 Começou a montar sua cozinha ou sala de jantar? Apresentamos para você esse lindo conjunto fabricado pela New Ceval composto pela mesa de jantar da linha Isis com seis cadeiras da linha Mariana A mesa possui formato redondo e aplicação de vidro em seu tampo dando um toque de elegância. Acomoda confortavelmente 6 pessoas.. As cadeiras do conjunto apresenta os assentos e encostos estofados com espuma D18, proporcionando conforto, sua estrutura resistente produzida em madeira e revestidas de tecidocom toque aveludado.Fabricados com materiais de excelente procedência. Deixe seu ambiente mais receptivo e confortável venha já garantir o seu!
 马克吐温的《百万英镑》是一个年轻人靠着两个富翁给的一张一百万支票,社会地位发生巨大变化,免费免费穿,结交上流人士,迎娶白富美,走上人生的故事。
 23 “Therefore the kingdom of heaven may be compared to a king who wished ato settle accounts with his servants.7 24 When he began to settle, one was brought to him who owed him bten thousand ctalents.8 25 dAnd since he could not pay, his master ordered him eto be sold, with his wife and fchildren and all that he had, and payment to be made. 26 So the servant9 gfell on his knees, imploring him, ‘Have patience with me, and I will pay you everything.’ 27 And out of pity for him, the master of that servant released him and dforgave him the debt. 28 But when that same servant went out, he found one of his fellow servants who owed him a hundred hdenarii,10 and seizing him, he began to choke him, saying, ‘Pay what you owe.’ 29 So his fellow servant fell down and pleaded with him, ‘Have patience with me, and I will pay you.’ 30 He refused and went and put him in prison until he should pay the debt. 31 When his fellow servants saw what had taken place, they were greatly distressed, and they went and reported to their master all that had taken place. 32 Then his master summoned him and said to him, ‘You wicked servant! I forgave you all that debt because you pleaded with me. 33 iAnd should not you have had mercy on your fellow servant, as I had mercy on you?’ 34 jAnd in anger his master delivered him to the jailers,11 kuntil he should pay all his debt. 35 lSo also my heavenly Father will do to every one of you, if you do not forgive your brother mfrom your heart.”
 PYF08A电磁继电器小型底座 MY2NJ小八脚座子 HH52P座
==
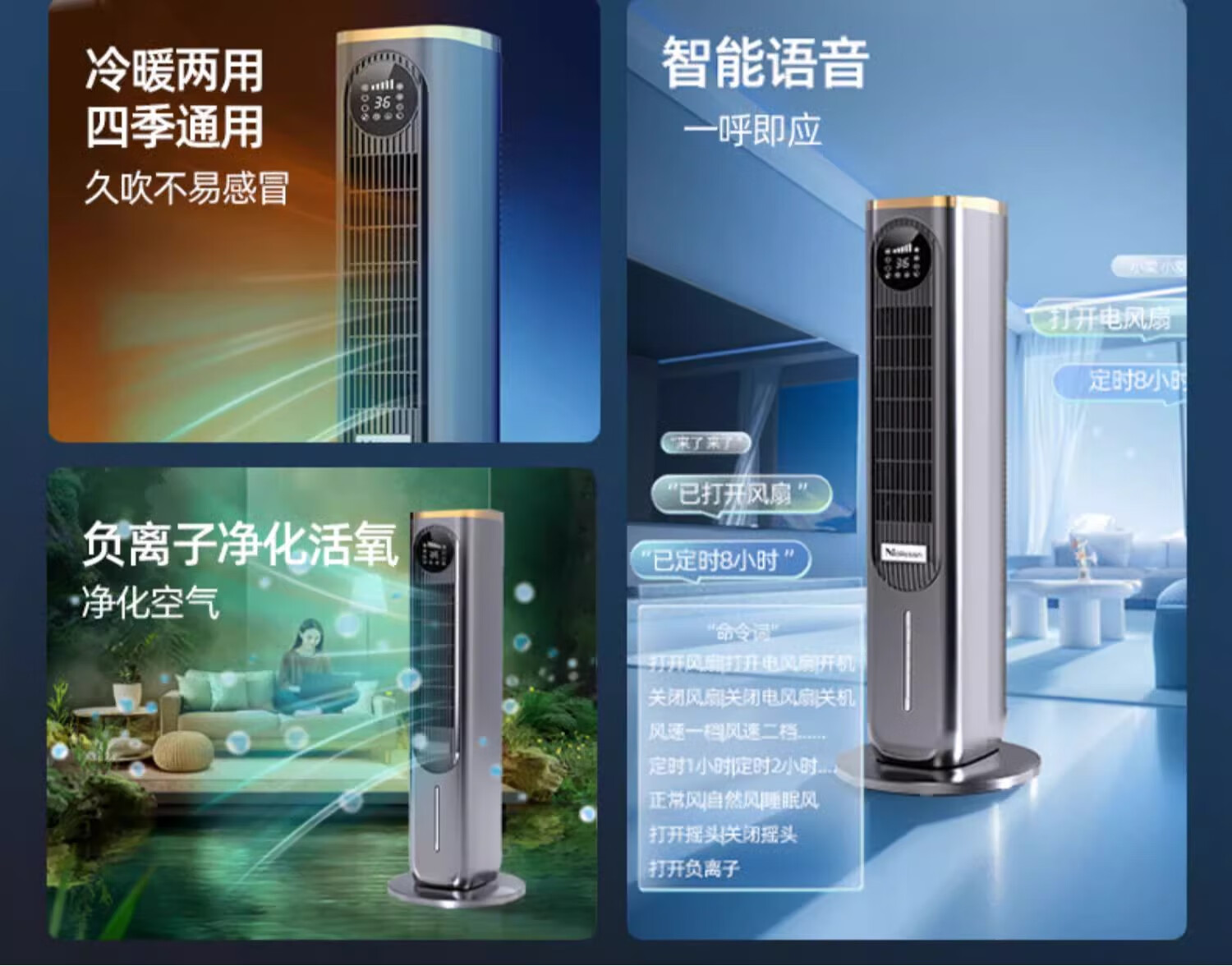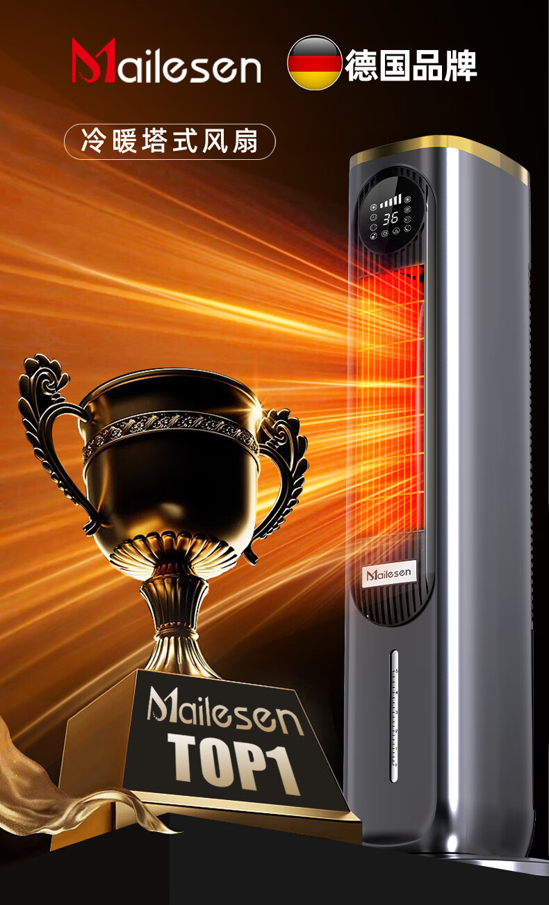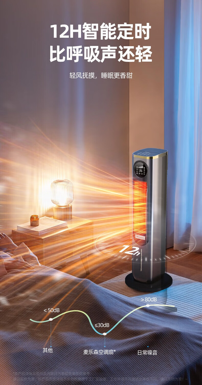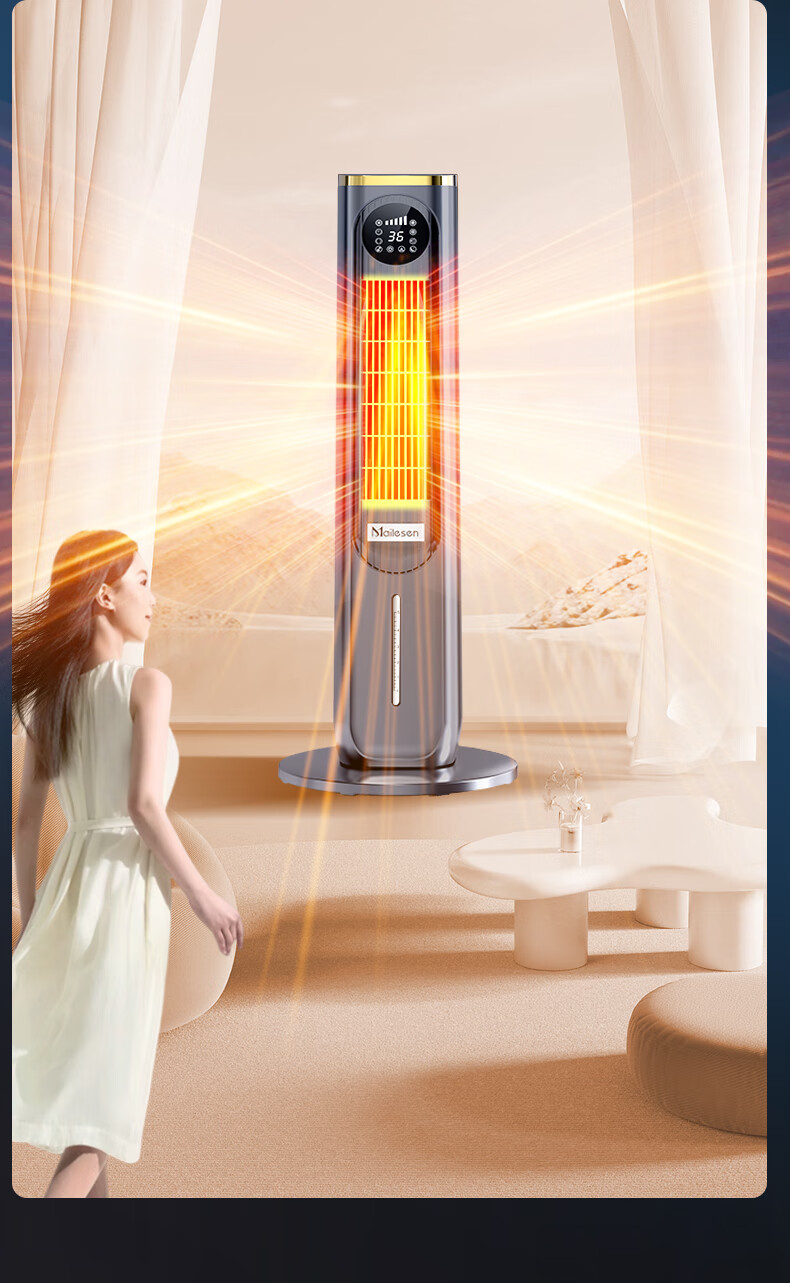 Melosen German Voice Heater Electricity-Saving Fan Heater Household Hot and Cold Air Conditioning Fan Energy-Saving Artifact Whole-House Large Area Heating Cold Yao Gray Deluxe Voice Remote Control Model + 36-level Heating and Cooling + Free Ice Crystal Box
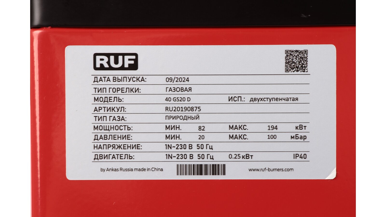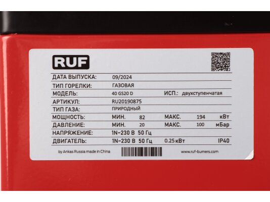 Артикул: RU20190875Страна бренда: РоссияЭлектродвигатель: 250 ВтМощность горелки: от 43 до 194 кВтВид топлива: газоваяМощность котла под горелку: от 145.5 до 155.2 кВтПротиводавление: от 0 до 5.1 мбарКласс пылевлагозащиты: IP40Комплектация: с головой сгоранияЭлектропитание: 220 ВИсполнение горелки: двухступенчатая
==
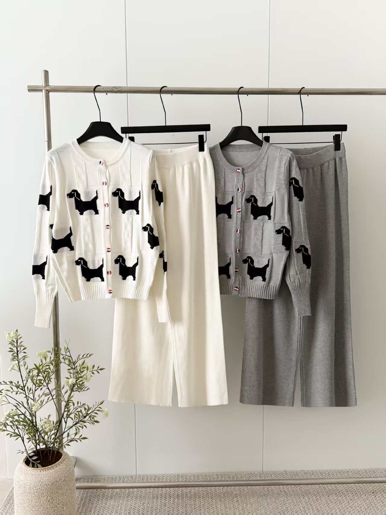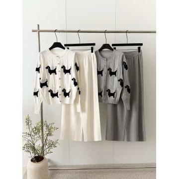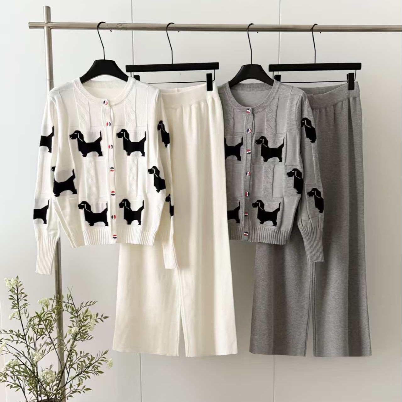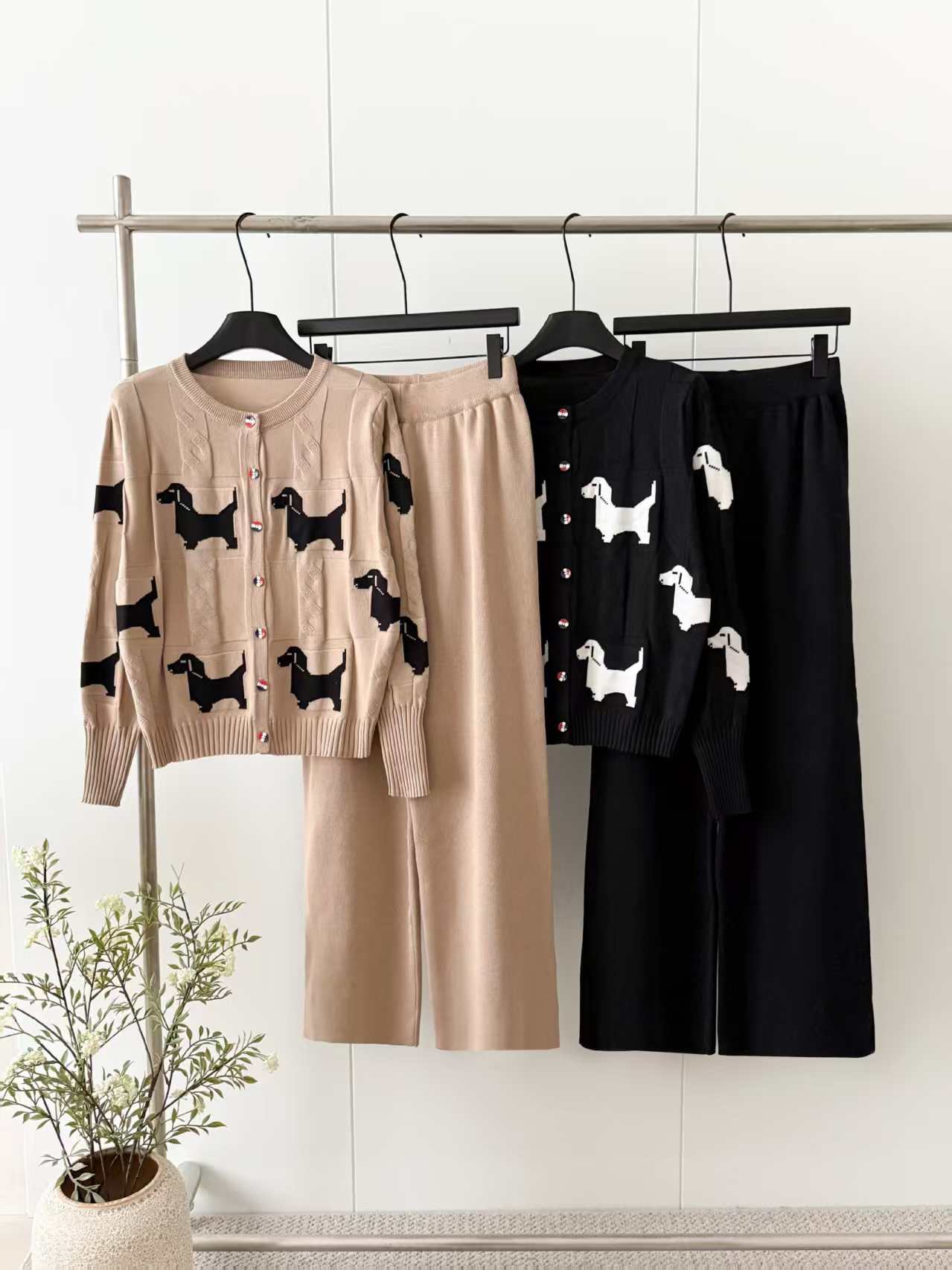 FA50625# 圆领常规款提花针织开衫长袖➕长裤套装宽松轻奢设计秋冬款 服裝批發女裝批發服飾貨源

## Exercise description
Print exactly the lines of the listing above starting at the line containing "Começou a montar" and ending at the line containing "马克吐温的《百万英镑》是一个", both included.

## Result
 Começou a montar sua cozinha ou sala de jantar? Apresentamos para você esse lindo conjunto fabricado pela New Ceval composto pela mesa de jantar da linha Isis com seis cadeiras da linha Mariana A mesa possui formato redondo e aplicação de vidro em seu tampo dando um toque de elegância. Acomoda confortavelmente 6 pessoas.. As cadeiras do conjunto apresenta os assentos e encostos estofados com espuma D18, proporcionando conforto, sua estrutura resistente produzida em madeira e revestidas de tecidocom toque aveludado.Fabricados com materiais de excelente procedência. Deixe seu ambiente mais receptivo e confortável venha já garantir o seu!
 马克吐温的《百万英镑》是一个年轻人靠着两个富翁给的一张一百万支票,社会地位发生巨大变化,免费免费穿,结交上流人士,迎娶白富美,走上人生的故事。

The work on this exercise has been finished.